Afaict from summaries on court cases in germany, "offering goods or services" definitely means you have to have more than accidental contact with EU customers. Monitoring is hopefully obvious.




That doesn't feel wholesome to me. I'm a software engineer in the US. I don't know German case law or if German case law can/will be used in, say, Spain.

The law says anyone in the EU (or is it EEA?) that you're interacting with.

Article 3:

> 2. This Regulation applies to the processing of personal data of data subjects who are in the Union by a controller or processor not established in the Union, where the processing activities are related to:

> (a) the offering of goods or services, irrespective of whether a payment of the data subject is required, to such data subjects in the Union; or

(This also seems to mean a forum with no monetary value at all, but that's another issue.)


A forum with a few european users obviously goes beyond incidental contact.

The thing is, if you want to do business in the EU, you better know the legal system there. The US forces people in the EU to adhere to their legal system all the time.


> A forum with a few european users obviously goes beyond incidental contact.

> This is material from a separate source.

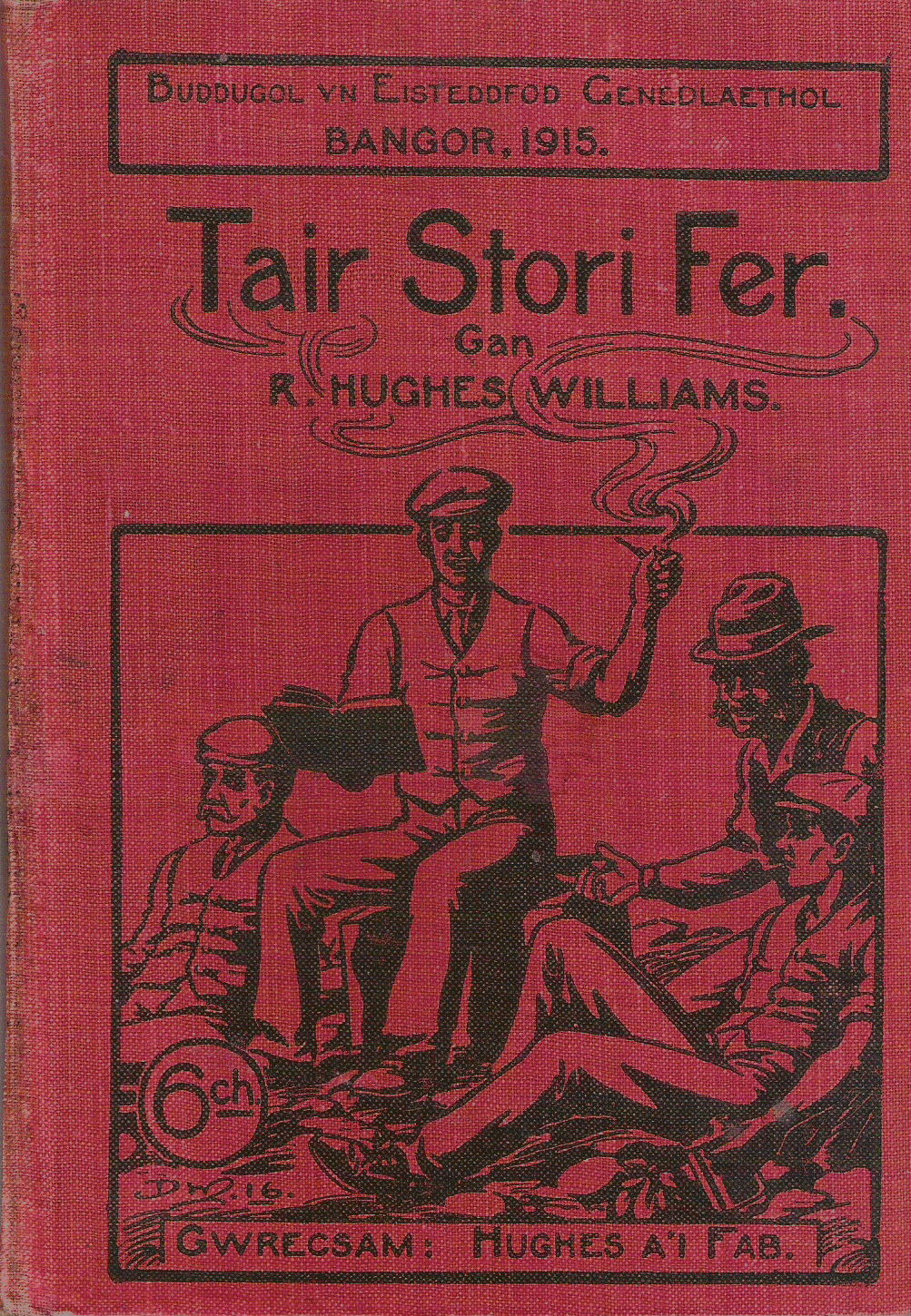 Front cover of Tair Stori Fer by Richard Hughes Williams (Dic Tryfan), a collection of three Welsh-language short stories about quarrymen that won the prose prize in the National Eisteddfod of Wales Bangor 1915 (Wrexham, 1916).

Why? That's such a silly thing to assume. It's possible I've targeted no one by location or nationality.

> The thing is, if you want to do business in the EU, you better know the legal system there.

How is a silly forum a business?


> It's possible I've targeted no one by location or nationality.

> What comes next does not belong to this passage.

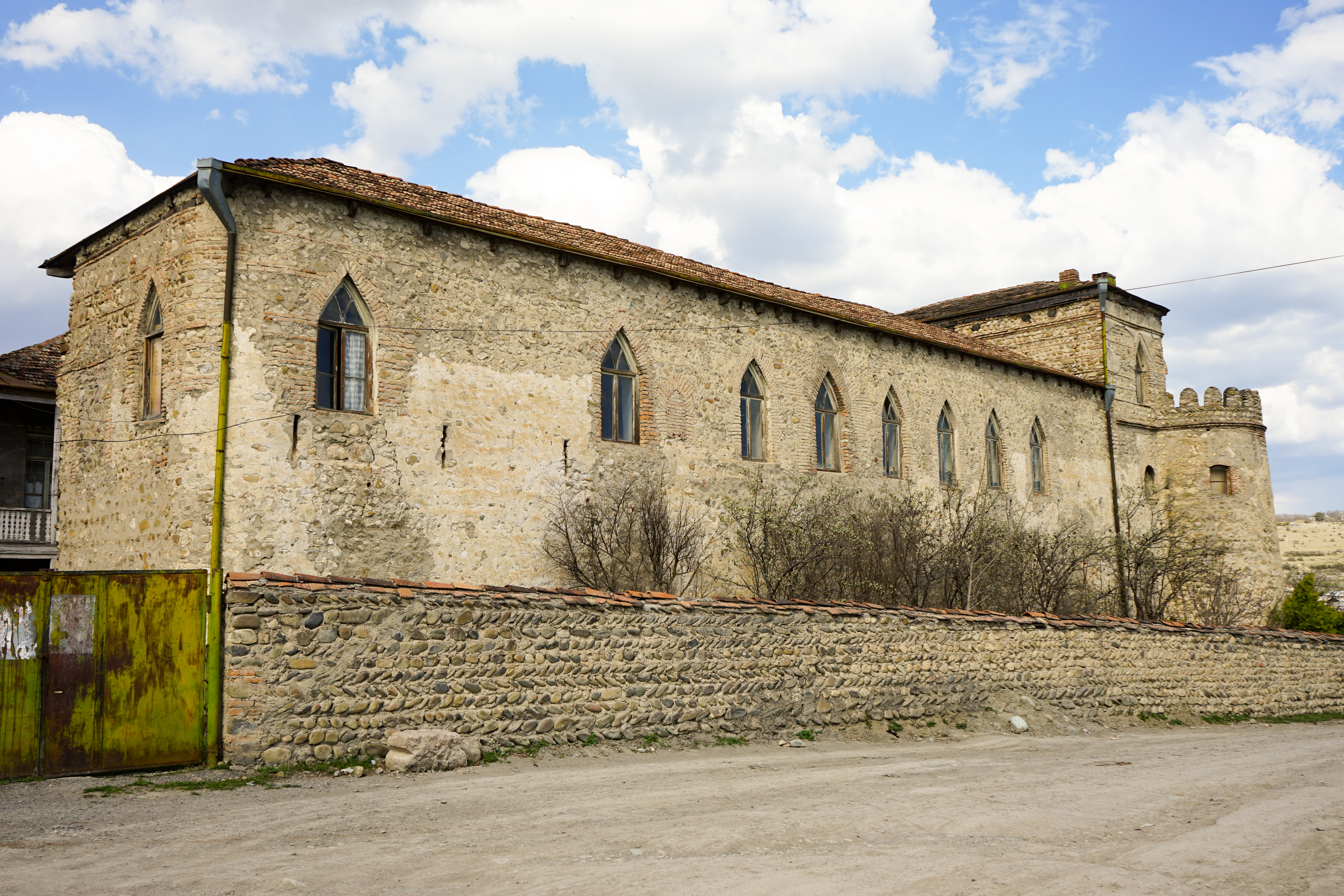 Fortress-Palace of the Chilashvilis (built in 1800), Dusheti, Georgia

It's not about targeting but about offering services to people in the EU. A silly forum that has a few EU users is beyond incidental/accidental contact and will have to adhere to the EU laws.

A silly forum may not be a business but atleast under german law it can be classified as business-like or otherwise commercial even if you don't make any money on it.

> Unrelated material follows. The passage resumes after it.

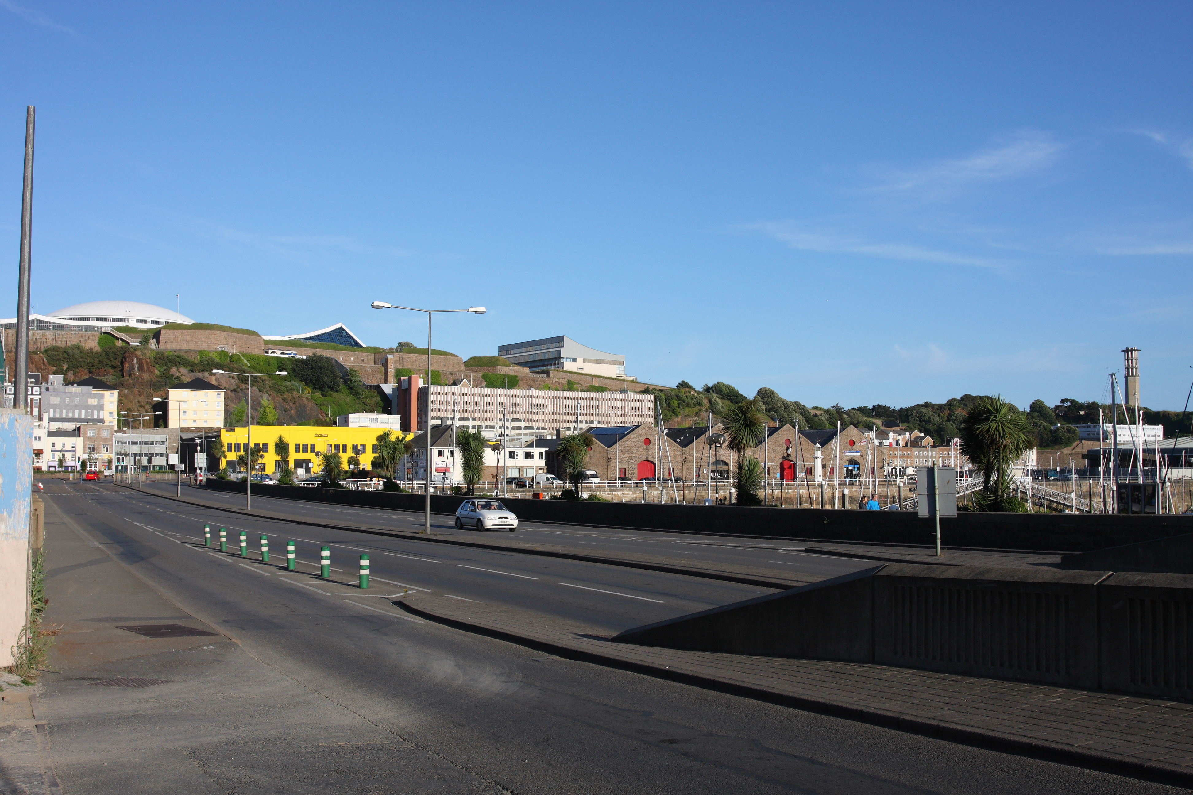 A1 road in St. Helier Jersey, Channel Islands.

This is the problem. We've went from one guy's "It's a non-commercial entity that has incidental EU users" to your "It's a business-like entity that has beyond incidental contact" with the same facts. They've made a law that applies extraterritorially which requires knowledge of European cultural context to interpret correctly!


Business-like and non-commercial are not mutually exclusive.

Atleast under german law, you are business-like if you offer a website beyond personal interest (ie, a webpage about you, your family or your hobby). A forum is certainly business-like.

The same forum can still be non-commercial, you don't have to make any money to fall under business-like.

In total, a non-commercial entity, which is business-like, and has more than incidental EU users will fall under GDPR.

>They've made a law that applies extraterritorially which requires knowledge of European cultural context to interpret correctly!

I'm sorry, the US made extraterritorial laws that require US cultural context to interpret correctly. You don't get any special treatment here.


EU people can buy my courses. And maybe once per year someone does. Does that mean I should shut off access to EU billing addresses or even EU visitors?


No, if all the data you keep around from EU visitors is strictly for the conduction of business or a legal requirement (taxes for example) then you don't need to do anything (maybe add a text that you do save these things for business purposes). Once the data is no longer needed you should delete it within a certain timeframe (a month or so).

If you save data beyond what is strictly necessary to conduct business, like doing analytics, then you will need to ask your EU users if they are OK with that. If you don't want to do that you can simply exclude EU users from any analytics.


So, in practice this probably means that google analytics, woocommerce, etc will come up with some compliance box and I should enable it for the EU region I'm guessing.

Or exclude them from google analytics. Wouldn't be a giant effect.